→ **SUPPLIED DATA**
====
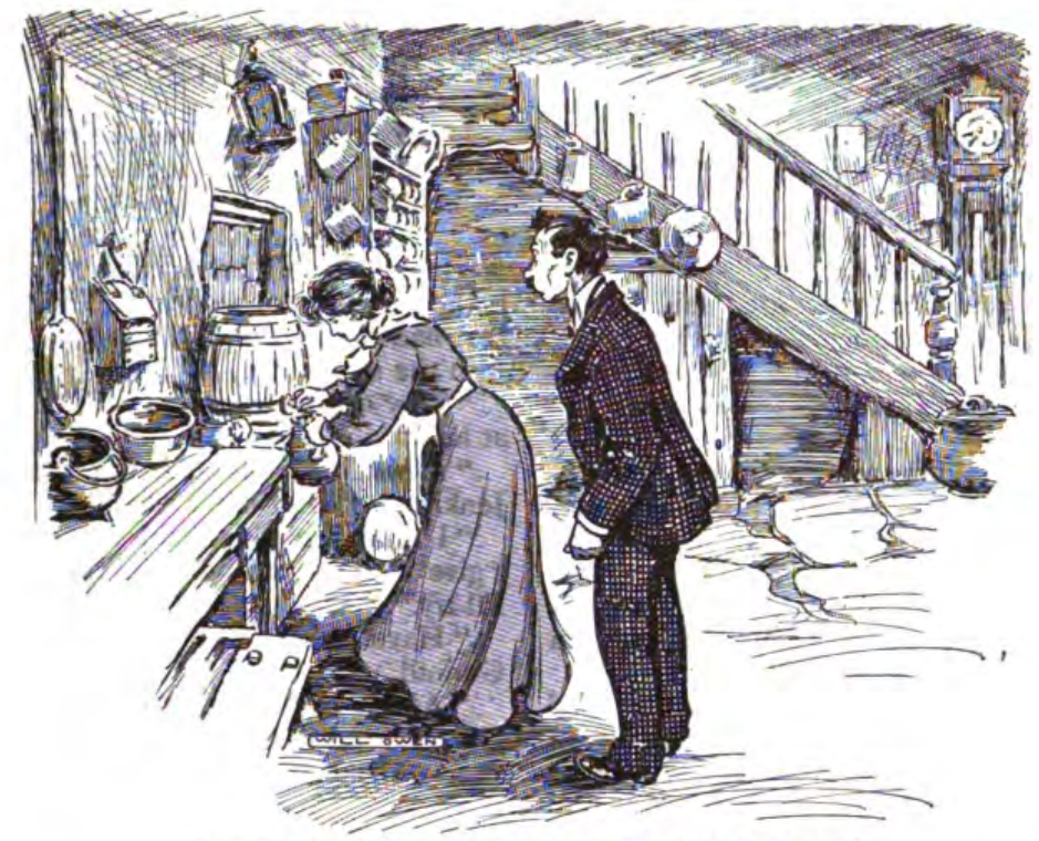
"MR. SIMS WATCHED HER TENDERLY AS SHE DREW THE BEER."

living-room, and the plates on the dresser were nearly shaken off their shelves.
====
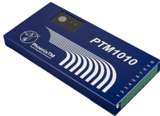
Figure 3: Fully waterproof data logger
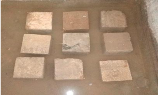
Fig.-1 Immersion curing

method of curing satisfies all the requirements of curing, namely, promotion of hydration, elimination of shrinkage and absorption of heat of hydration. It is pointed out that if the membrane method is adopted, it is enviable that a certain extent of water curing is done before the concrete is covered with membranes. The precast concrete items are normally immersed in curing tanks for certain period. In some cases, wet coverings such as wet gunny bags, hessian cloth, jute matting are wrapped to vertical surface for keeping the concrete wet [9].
====
→ **WHAT NEEDS TO BE DONE**
The answer must consist of every line above that holds the string "curing", copied exactly.

→ **RESULT OF THIS EXERCISE**
Fig.-1 Immersion curing
method of curing satisfies all the requirements of curing, namely, promotion of hydration, elimination of shrinkage and absorption of heat of hydration. It is pointed out that if the membrane method is adopted, it is enviable that a certain extent of water curing is done before the concrete is covered with membranes. The precast concrete items are normally immersed in curing tanks for certain period. In some cases, wet coverings such as wet gunny bags, hessian cloth, jute matting are wrapped to vertical surface for keeping the concrete wet [9].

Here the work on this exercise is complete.